• **Task material**:
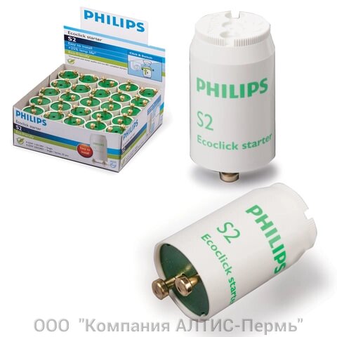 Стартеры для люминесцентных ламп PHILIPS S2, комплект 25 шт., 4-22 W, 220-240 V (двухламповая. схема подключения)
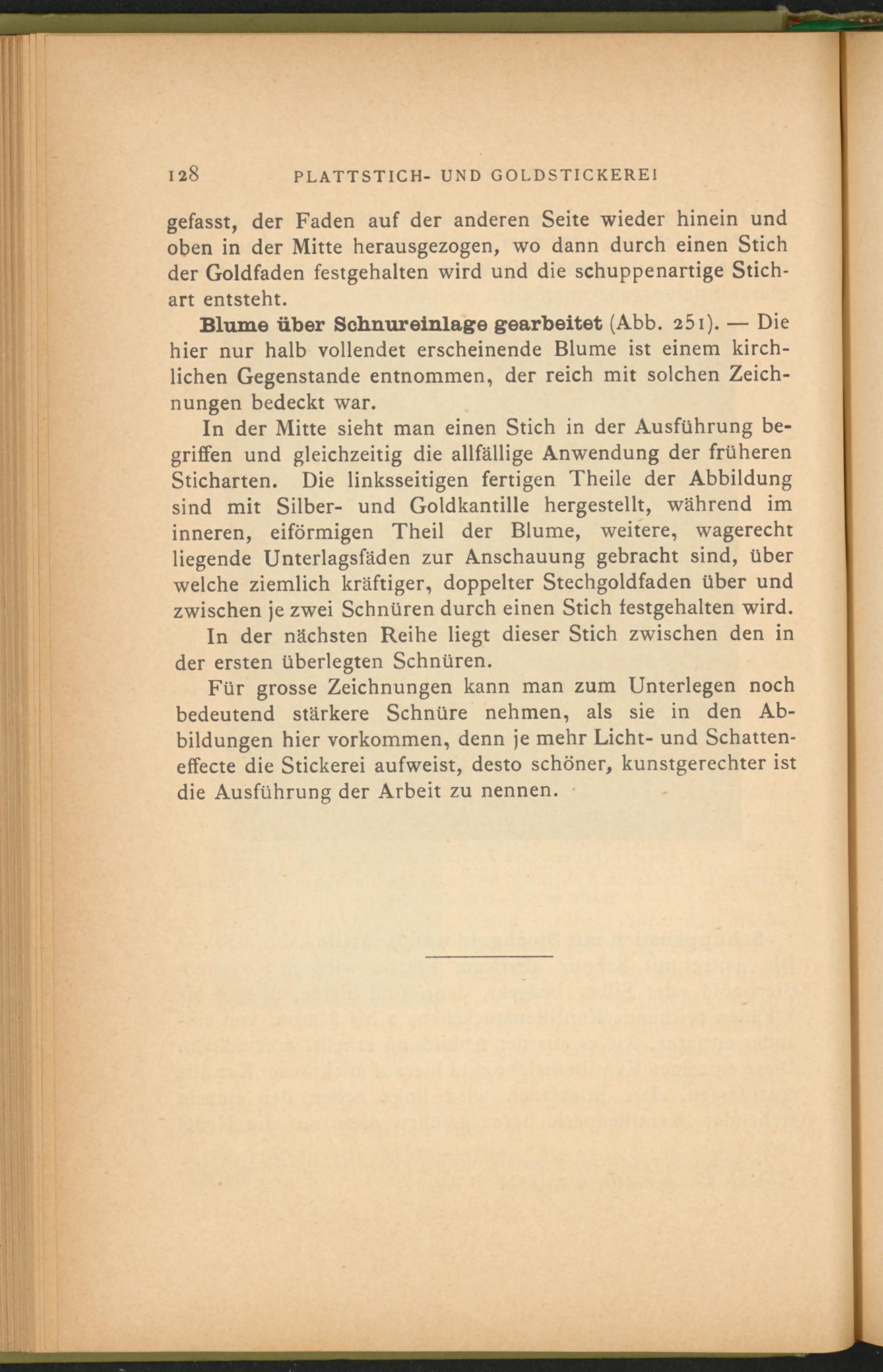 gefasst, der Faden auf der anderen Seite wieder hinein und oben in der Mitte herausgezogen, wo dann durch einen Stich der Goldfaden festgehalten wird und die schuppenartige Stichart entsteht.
---
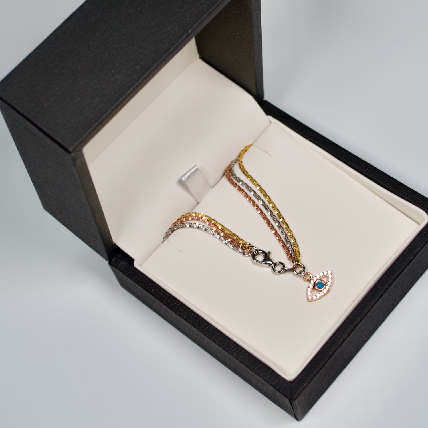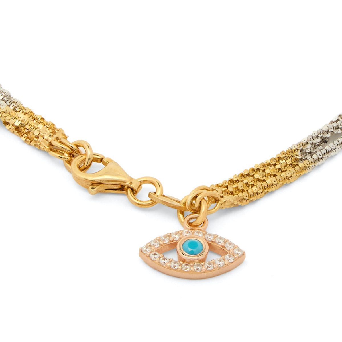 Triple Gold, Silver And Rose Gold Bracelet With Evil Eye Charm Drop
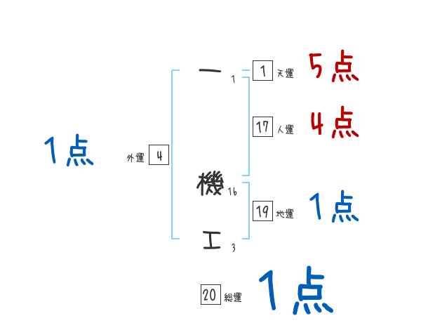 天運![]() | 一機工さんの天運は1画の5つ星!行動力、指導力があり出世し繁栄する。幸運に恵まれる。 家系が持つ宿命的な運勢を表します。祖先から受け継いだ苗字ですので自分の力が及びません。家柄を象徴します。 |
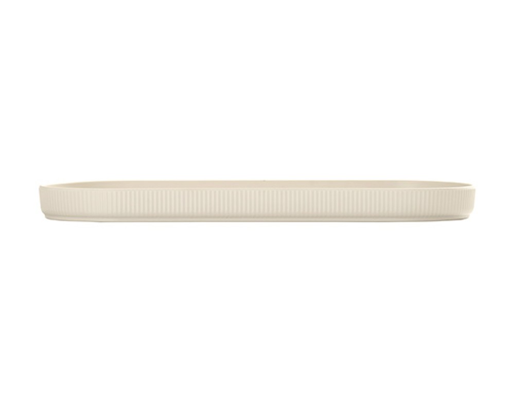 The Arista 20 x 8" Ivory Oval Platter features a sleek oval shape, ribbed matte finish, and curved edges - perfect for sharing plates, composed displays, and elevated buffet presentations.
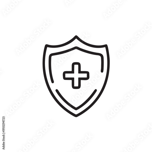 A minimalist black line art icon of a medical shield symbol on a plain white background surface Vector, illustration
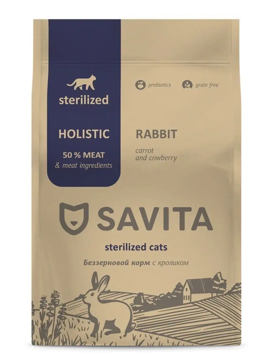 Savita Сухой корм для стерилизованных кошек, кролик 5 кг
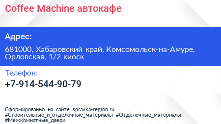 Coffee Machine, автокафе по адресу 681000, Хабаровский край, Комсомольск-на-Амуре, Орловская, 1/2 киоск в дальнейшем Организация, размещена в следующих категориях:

• **What the exercise asks**:
Start at the line containing "Triple Gold, Silver" above and stop at the line containing "Coffee Machine, автокафе". Output those lines exactly, both included, but none of the pictures.

• **Finished task**:
 Triple Gold, Silver And Rose Gold Bracelet With Evil Eye Charm Drop
 天運![]() | 一機工さんの天運は1画の5つ星!行動力、指導力があり出世し繁栄する。幸運に恵まれる。 家系が持つ宿命的な運勢を表します。祖先から受け継いだ苗字ですので自分の力が及びません。家柄を象徴します。 |
 The Arista 20 x 8" Ivory Oval Platter features a sleek oval shape, ribbed matte finish, and curved edges - perfect for sharing plates, composed displays, and elevated buffet presentations.
 A minimalist black line art icon of a medical shield symbol on a plain white background surface Vector, illustration
 Savita Сухой корм для стерилизованных кошек, кролик 5 кг
 Coffee Machine, автокафе по адресу 681000, Хабаровский край, Комсомольск-на-Амуре, Орловская, 1/2 киоск в дальнейшем Организация, размещена в следующих категориях:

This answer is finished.